From http://tinderbox.mozilla.org/showbuilds.cgi?tree=Mozilla1.8.0 it looks like the list of machines to be mothballed are:

crazyhorse (VM)
moz180-linux-tbox (VM)
moz180-win32-tbox (VM)
tb180-win32-tbox (VM)
xserve04 (physical hardware; rare PPC xserve machine)

Moving from internal build network to external community requires scrubbing keys, resetting logins, resetting IPs, with advertised downtimes etc. Doing this work makes sense and is fine, if we know someone in community is relying on these builds, and we decide not to keep supporting the machines internally. However, I dont understand doing this as part of mothballing - couldnt we just leave them powered off in their current locations?

Seems to me the plan should be to advertise a mothball date, then power these off in their current location at that advertised date in the future and see if anyone notices. If yes, obviously power back online and figure out what to do. However, if no-one notices, wait until some further advertised date to backup, scrub and recycle them. Does that seem reasonable?

ps: A quick look on bonsai shows no checkins on the 1.8.0 branch since 01dec2007, apart from our usual Build-version-bump checkins and one bugfix that was required for the TB1.5.0.14 release. http://bonsai.mozilla.org/cvsquery.cgi?treeid=default&module=all&branch=MOZILLA_1_8_0_BRANCH&branchtype=match&dir=&file=&filetype=match&who=&whotype=match&sortby=Date&hours=2&date=explicit&mindate=2007-12-01+00%3A00&maxdate=2008-01-11+00%3A00&cvsroot=%2Fcvsroot



 
> (Side note: Do we have someone at Debian or other Linux vendors that might be
> able to speak to this?)
RedHat and Ubuntu have already confirmed they are not using any of these builds. I've not yet contacted Debian, but will do. 

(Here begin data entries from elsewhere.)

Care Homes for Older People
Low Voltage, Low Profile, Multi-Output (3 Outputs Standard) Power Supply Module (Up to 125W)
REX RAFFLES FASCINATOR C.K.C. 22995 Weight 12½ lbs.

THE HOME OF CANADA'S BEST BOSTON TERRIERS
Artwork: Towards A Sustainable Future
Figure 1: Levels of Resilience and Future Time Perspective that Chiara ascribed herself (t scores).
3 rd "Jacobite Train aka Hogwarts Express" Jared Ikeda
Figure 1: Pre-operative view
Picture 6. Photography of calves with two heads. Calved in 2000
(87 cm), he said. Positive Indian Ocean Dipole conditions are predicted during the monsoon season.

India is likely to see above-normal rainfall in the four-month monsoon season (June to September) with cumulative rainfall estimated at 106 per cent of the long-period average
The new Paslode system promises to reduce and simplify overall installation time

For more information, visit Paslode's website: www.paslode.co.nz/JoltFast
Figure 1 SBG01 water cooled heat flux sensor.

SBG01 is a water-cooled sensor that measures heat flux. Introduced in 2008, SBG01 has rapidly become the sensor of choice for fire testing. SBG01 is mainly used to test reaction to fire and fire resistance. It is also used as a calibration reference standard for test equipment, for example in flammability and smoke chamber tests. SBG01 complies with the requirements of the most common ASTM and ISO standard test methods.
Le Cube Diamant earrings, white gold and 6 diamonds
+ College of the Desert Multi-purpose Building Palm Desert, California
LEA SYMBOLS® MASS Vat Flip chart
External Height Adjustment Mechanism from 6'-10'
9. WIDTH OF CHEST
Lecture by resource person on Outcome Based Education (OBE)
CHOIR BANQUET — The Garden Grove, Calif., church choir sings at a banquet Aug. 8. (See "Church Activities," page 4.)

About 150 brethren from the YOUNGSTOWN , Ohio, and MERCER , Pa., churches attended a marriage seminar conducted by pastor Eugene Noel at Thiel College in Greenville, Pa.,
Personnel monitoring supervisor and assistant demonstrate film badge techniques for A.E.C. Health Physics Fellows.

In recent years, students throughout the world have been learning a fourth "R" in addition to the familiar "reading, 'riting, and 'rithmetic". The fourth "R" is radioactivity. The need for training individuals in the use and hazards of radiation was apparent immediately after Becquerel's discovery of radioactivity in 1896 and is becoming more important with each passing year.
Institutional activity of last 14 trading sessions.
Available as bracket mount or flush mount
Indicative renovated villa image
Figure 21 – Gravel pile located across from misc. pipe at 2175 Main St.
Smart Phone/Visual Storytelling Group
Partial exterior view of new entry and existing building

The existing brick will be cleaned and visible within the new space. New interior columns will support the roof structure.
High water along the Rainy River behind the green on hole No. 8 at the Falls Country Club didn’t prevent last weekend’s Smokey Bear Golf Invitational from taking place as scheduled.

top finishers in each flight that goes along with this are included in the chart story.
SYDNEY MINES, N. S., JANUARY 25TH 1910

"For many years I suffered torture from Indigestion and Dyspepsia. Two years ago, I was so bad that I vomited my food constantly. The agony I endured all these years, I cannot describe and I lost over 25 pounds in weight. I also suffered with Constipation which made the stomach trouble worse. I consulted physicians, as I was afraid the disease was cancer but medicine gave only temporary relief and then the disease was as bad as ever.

What other forums should be notified? Newsgroups like dev-planning? The 1.8.0 tinderbox tree itself? 
(In reply to comment #2)
> Moving from internal build network to external community requires scrubbing
> keys, resetting logins, resetting IPs, with advertised downtimes etc.

I guess I assumed all that work was only applicable if we were giving other users access to these machines, which we wouldn't be. Regardless...

> Seems to me the plan should be to advertise a mothball date, then power these
> off in their current location at that advertised date in the future and see if
> anyone notices. If yes, obviously power back online and figure out what to do.
> However, if no-one notices, wait until some further advertised date to backup,
> scrub and recycle them. Does that seem reasonable?

That seems reasonable to me.

> RedHat and Ubuntu have already confirmed they are not using any of these
> builds. I've not yet contacted Debian, but will do.

Great! Glad they were contacted.

> What other forums should be notified? Newsgroups like dev-planning? The 1.8.0
> tinderbox tree itself? 

Definitely newsgroups. I'd say m.c.mozpad (in case a platform dev uses these), m.d.builds, m.d.planning, m.d.a.firefox, m.d.a.thunderbird, and m.d.a.calendar. It's a lot, but better safe than sorry. :) I'd send follow ups to m.d.planning, fwiw.

And as you suggested, a notice on the tree couldn't hurt.

Do you have a proposed date in mind?
(In reply to comment #2)
> From http://tinderbox.mozilla.org/showbuilds.cgi?tree=Mozilla1.8.0 it looks
> like the list of machines to be mothballed are:
> 
> crazyhorse (VM)
> moz180-linux-tbox (VM)
> moz180-win32-tbox (VM)
> tb180-win32-tbox (VM)
> xserve04 (physical hardware; rare PPC xserve machine)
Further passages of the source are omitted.